So these are the wave lengths I have discovered are preferable to have.

420
430
440
450
460

620
630
640
650
660
670
680
700

720 (optional)
We need to maintain approximately the same light energy power output on each wavelength.
Total light energy power should be around 350 Watts per meter sq (500 PAR (photosynthetic active radiation) watts for eqatorial sun).
Also you may have a look at my link in signature. There you may find spectras for chlorophyll a and b and carotenoids.

[knna]

You must notice that led arnt lasers (wich emits on very narrow wavebands), and emits along a relatively long waveband:

[attachment=o206959]

The nm rating of a led refers only to where it put more energy, but it still emits light of a lot more wavelenghts. So you dont need to use so much differents wavelenghts close to the next. For example, a Royal Blue led is going to cover very well the from 440 to 460nm. And still decently 10nm more at each side.

So you can simplify that distribution of leds. For the blue range, with two different colors, Violet and Royal Blue (but Violets on the 425-430nm range arnt very efficients, compared to those peaked 20nm shorter). And for the red, with a typical red peaked at 625nm and a deed red peaked at 670nm.

Most of the peak nm you mention are rare to find. If you still want to use so many different SPDs of each color, for fine researching on the propierties of each one, you will need to buy them at a very specialized company, as Roithner Laser. They have all, but you will need a good budget to afford it.

[knna]

We need to maintain approximately the same light energy power output on each wavelength.
Total light energy power should be around 350 Watts per meter sq (500 PAR (photosynthetic active radiation) watts for eqatorial sun).
Also you may have a look at my link in signature. There you may find spectras for chlorophyll a and b and carotenoids.

Dont guide too much by absortion spectra of photosynthetic pigments. One thing is their absortion in lab and other very different how they perform on live plants.

Photosynthetic response dont follow at all the pattern of chlorophills absortion. Many LED experiments have failed to be guided by chlorophills absortion instead by photosynthetic response, that are very differnt.

On the other hand, controling accuratelly the energy emission of such narrow wavebands is very complex. You are going to need a science rocket equipment to do that.

If you want to check reactions to very narrow wavebands, then probably laser diodes are a better choice than LEDs.

350W/m2 of irradiance is pretty high.
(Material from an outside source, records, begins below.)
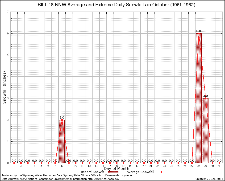 October Average and Extreme Daily Snowfall AMounts (1961-1962)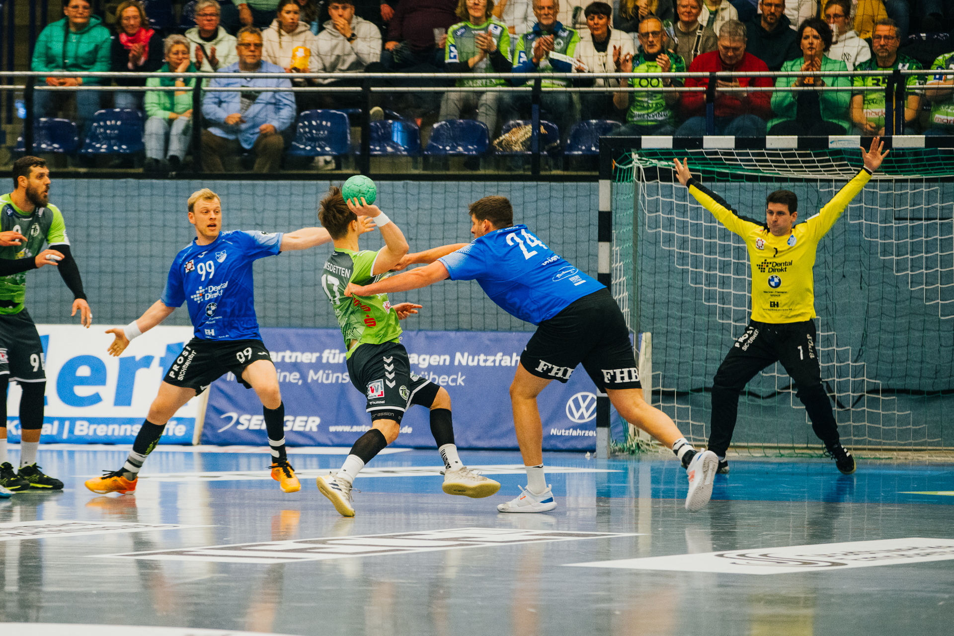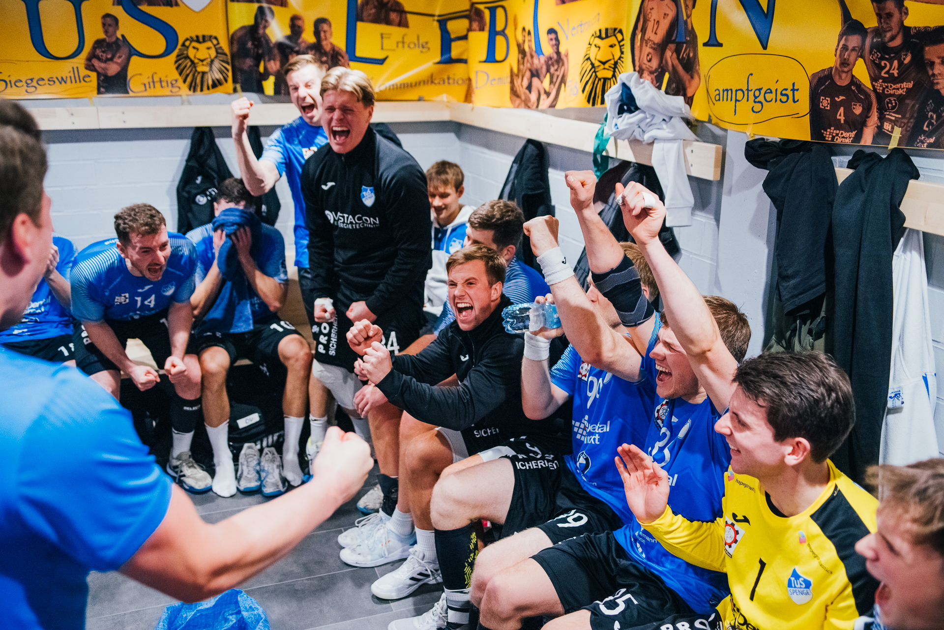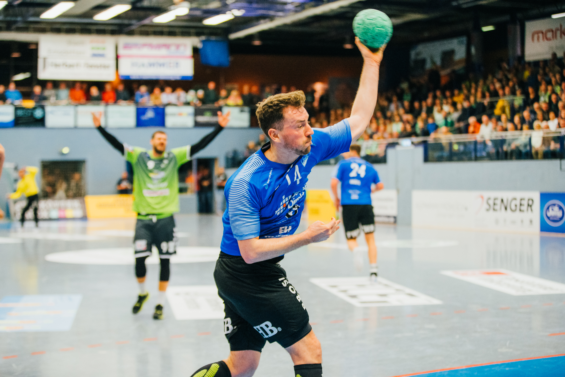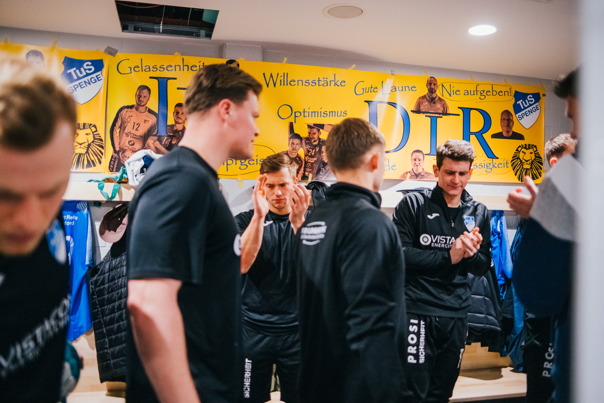 Spenge ließ sich davon nicht beirren und spielte weiter. In der 47. Spielminute war der Ausgleich dann da: Justus Aufderheide traf zum 27:27. Jetzt wurde das Spiel zu einem packendem Drittligaspiel. Der TVE ging immer wieder in Führung, Spenge hielt dagegen und markierte dann den Ausgleich. In dieser heißen Phase bekam Justus Aufderheide in der 57. Minute, beim Spielstand von 33:33 eine umstrittene 2-Minuten-Strafe. Doch Emsdetten nutzte diese Chance nicht. Aber der TuS war da. Bjarne Schulz traf zur ersten TuS-Führung im Spiel – 33:34. Die Spieluhr zeigte 58:24. Marian Orlowski vom TVE markierte 40 Sekunden vor dem End das 34:34. Auszeit TuS. 30 Sekunden blieben dem TuS für einen Torabschluß und auch jetzt wurde der Angriff wieder ruhig vorgetragen. Wenige Sekunden vor dem Ende lief Fabian Breuer mittig auf die Deckung, gab im Sprung an Vincent Hofmann ab. Hofmann warf und traf. Abpfiff. Auswärtssieg. Der TuS tanzte und feierte mit den mitgereisten Fans.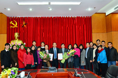 Ông Trần Văn Ngợi, Viện trưởng Viện Khoa học tổ chức nhà nước tặng hoa chúc mừng tân Phó Giám đốc Trung tâm Thông tin Chu Tuấn Tú

Its about 1500uE/m2. Think that max irradiances at noon at 40ºN rarely goes over 1800uE/m2. And the daily average is way lower. You are going to need to use CO2 supplementation in order to use those average irradiances sucessfully.

[cture]

What if we go another way: you could provide me with spectrum graphs of light emitted by leds you find that are most efficient and I will pick the needed.

[cture]

Or another one.
Match the spectrum to
420-490 30%
490-620 10%
620-700 60%
What kind of soft do you use to build spectra graphs, may I have a link?